Tala made an exploratory effort to move, but found her ankles had also been bound by cable ties, which in turn were linked to the ties shackling her wrists. She was on her knees and immobile. She felt the glass splinters from Gennady’s cell burrow into the thin skin covering her knee cap. The metallic tang of her own blood coated her throat.

“You awake?”

The rasping question startled Tala. In the gloom she could make out a vague figure at the opposite side of the room, bound like her, on his knees. Wayward follicles of long hair caught the fragile light. “Andrei, is that you?”

“You remember!” The excitement in Andrei’s reply was testament to his resilience. A stark comfort in their present situation.

“Where are we?” Tala’s voice crackled, her mouth dry. As she played her tongue across the back of her teeth she found a couple loose. “What happened?”

“Kirill has seized control,” Andrei answered flatly.

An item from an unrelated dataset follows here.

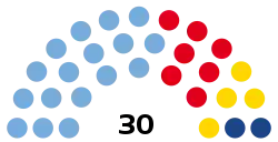 It comprises 30 legislators, elected in a single multi-member district through proportional representation every four years. Elections employ the D'Hondt system and a 3% electoral threshold.[1]

Beyond the door the shaft of light was occasionally broken by the movement of men. The rattle of the iron bars barricading them inside the District was louder than the endless rhythm of the generator. The muffled moans of the besieging infected was incessant.

“Where is everyone else?”

“Other rooms,” Andrei appeared to shrug. “Pavel is dead. I think Gennady and Jamal are being held in the office.”

“Where’s Katja?”

“I…” Andrei’s voice broke and then he fell silent.

Tala felt bloody bile rise in her gullet. “Where is she?”

The outline of Andrei’s shoulders slumped, but he didn’t answer. In the neighbouring office Tala could hear a wet slapping sound and grunting almost indiscernible from the cadence of the District. Then she could hear the delicate, pained sobbing of Katja as the metronomic pounding increased in speed and intensity. Another grunt, Ilya.